Residual allotment powers

16.
Subject to the provisions of the Companies Acts relating to authority, pre-emption rights or otherwise and of any resolution of the Company in general meeting passed pursuant to those provisions, and, in the case of redeemable shares, the provisions of Article 17:

(a)
all unissued shares for the time being in the capital of the Company shall be at the disposal of the board; and

(b)
the board may allot (with or without conferring a right of renunciation), grant options over, or otherwise dispose of them to such persons on such terms and conditions and at such times as it thinks fit.

Redeemable shares

17.
Subject to the provisions of the Companies Acts, and without prejudice to any rights attached to any existing shares or class of shares, shares may be issued which are to be redeemed or are to be liable to be redeemed at the option of the Company or the holder on such terms and in such manner as may be provided by these Articles.

Commissions

18.
The Company may exercise all powers of paying commissions or brokerage conferred or permitted by the Companies Acts provided that the rate per cent. or the amount of the commission paid or agreed to be paid shall be disclosed in the manner required by the Companies Acts and the rate of commission may be equal to but shall not exceed the rate of 10 per cent. of the price at which the shares in respect of which the commission is paid or agreed to be paid are issued.
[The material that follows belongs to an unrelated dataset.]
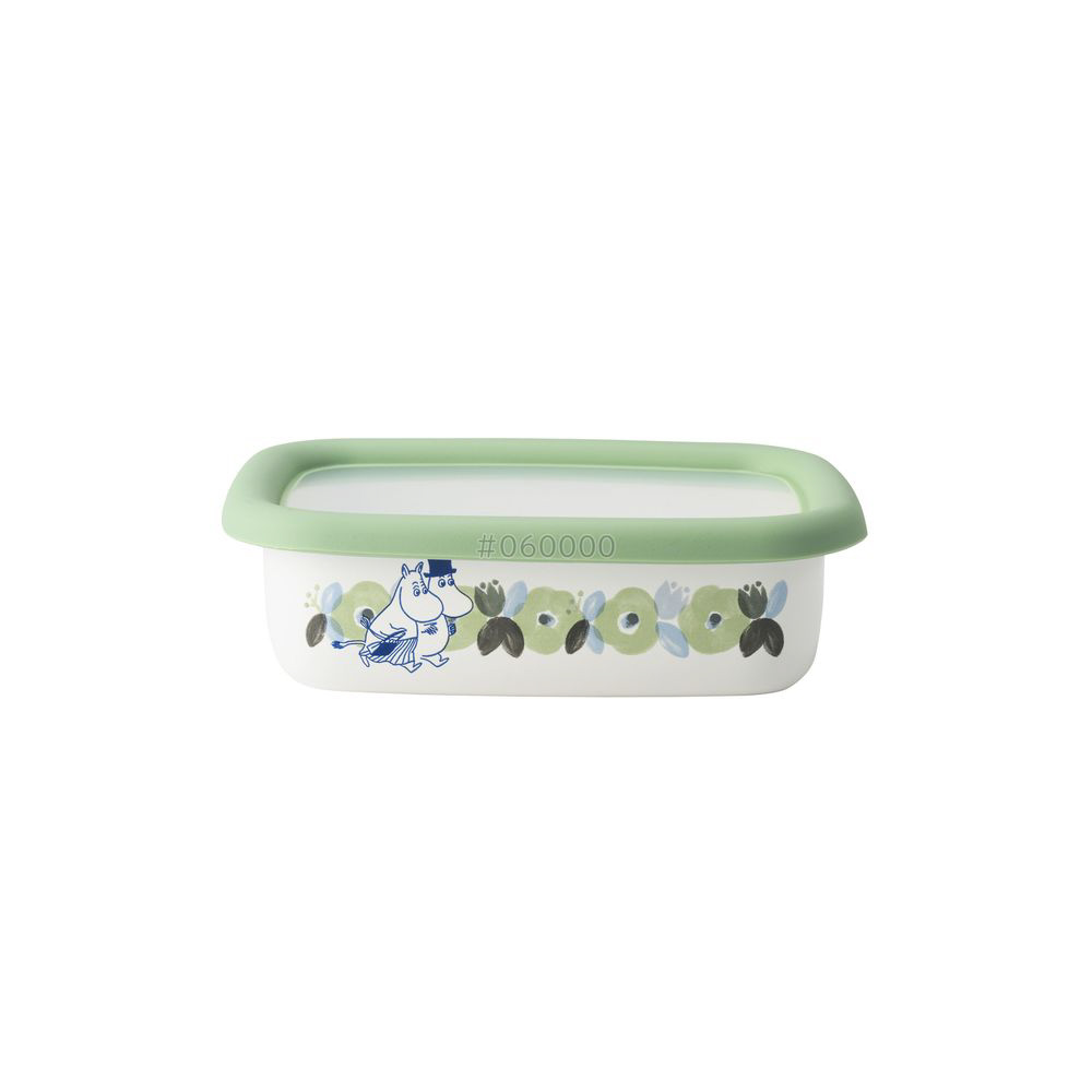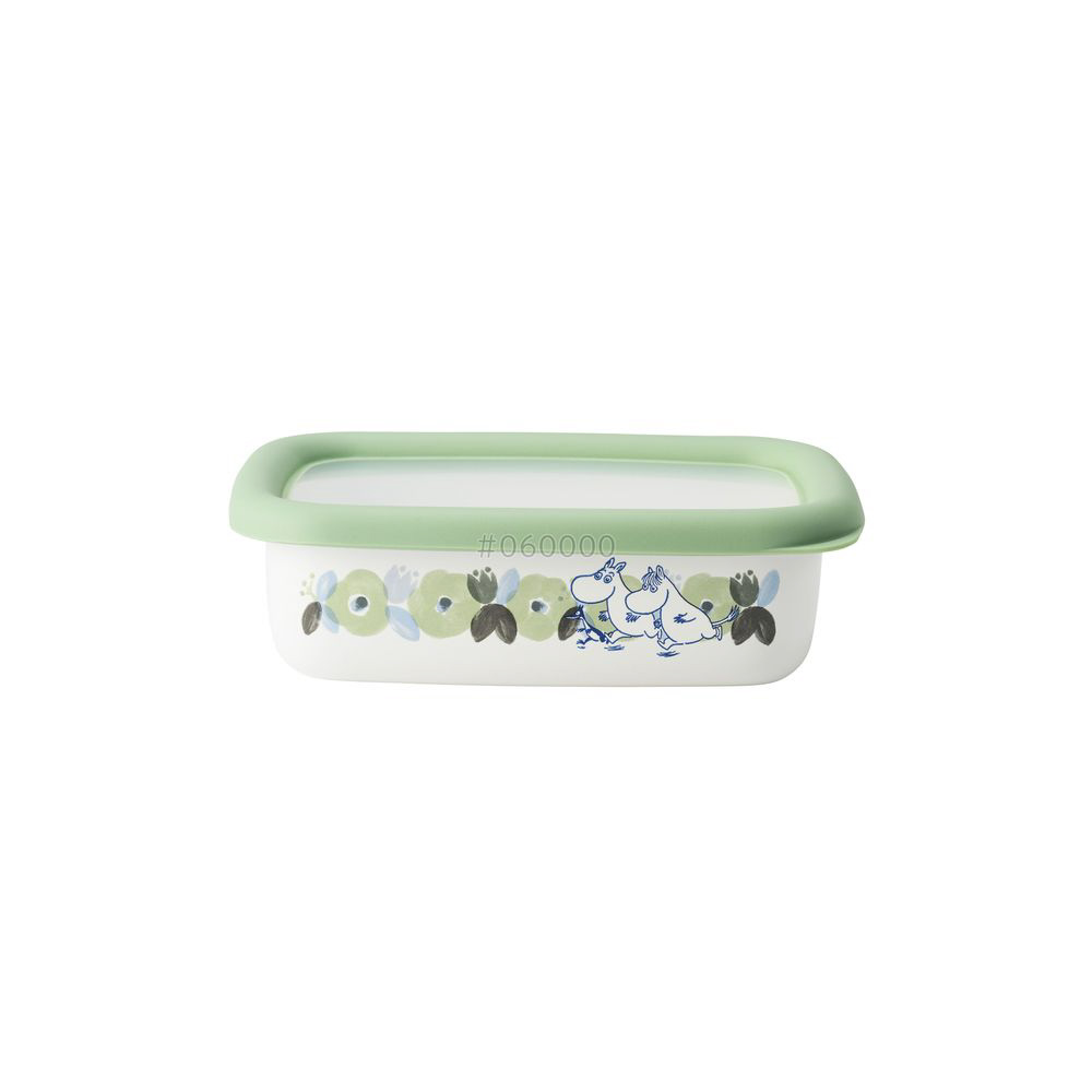 ムーミンフラワーガーデンがデザインされたホーロー製の浅型角容器。

Subject to the provisions of the Companies Acts, any such commission or brokerage may be satisfied by the payment of cash or by the allotment of fully or partly paid shares or partly in one way and partly in the other. On the issue of shares, the Company may also pay such brokerage as may be lawful.

Trusts not recognised

19.
Except as required by law, the Company shall recognise no person as holding any share on any trust and (except as otherwise provided by these Articles, by law or ordered by a court of competent jurisdiction) the Company shall not be bound by or recognise any equitable or other claims to or interest in any share (or in any fractional part of a share) except the holder's absolute right to the entirety of the share (or fractional part of the share).


VARIATION OF RIGHTS

Method of varying rights

20.
Subject to the provisions of the Companies Acts, if at any time the capital of the Company is divided into different classes of shares, the rights attached to any class may (unless otherwise provided by the terms of allotment of the shares of that class) be varied or abrogated, whether or not the Company is being wound up, either:

(a)
with the consent of the holders of three-quarters in nominal value of the issued shares of the class (excluding any shares of that class held as treasury shares), which consent shall be by means of one or more instruments or contained in one or more electronic communications sent to such address (if any) for the time being notified by or on behalf of the Company for that purpose or a combination of both; or

(b)
with the sanction of an extraordinary resolution passed at a separate general meeting of the holders of the shares of the class,

        but not otherwise.

When rights deemed to be varied

21.
For the purposes of Article 20, if at any time the capital of the Company is divided into different classes of shares, unless otherwise expressly provided by the rights attached to any share or class of shares, those rights shall be deemed to be varied by:

(a)
the reduction of the capital paid up on that share or class of shares otherwise than by a purchase or redemption by the Company of its own shares; and

(b)
the allotment of another share ranking in priority for payment of a dividend or in respect of capital or which confers on its holder voting rights more favourable than those conferred by that share or class of shares,

        but shall not be deemed to be varied by:

    (c)
    the creation or issue of another share ranking equally with, or subsequent to, that share or class of shares or by the purchase or redemption by the Company of its own shares; or

    (d)
    the Company permitting, in accordance with the Regulations, the holding of and transfer of title to shares of that or any other class in uncertificated form by means of a relevant system.


SHARE CERTIFICATES

Members' rights to certificates

22.
Every member, on becoming the holder of any certificated share (except cases where the holding of shares is in uncertificated form or where a recognised person in respect of whom the Company is not required by law to complete and have ready for delivery a certificate) shall be entitled, without payment, to one certificate for all the certificated shares of each class held by him (and, on transferring a part of his holding of certificated shares of any class, to a certificate for the balance of his holding of certificated shares). He may elect to receive one or more additional certificates for any of his certificated shares if he pays for every certificate after the first a reasonable sum determined from time to time by the board. Every certificate shall:

(a)
be executed under the seal or otherwise in accordance with Article 172, in such manner as the board may determine in accordance with Article 172 or in such other manner as the board may approve; and

(b)
specify the number, class and distinguishing numbers (if any) of the shares to which it relates and the amount or respective amounts paid up on the shares.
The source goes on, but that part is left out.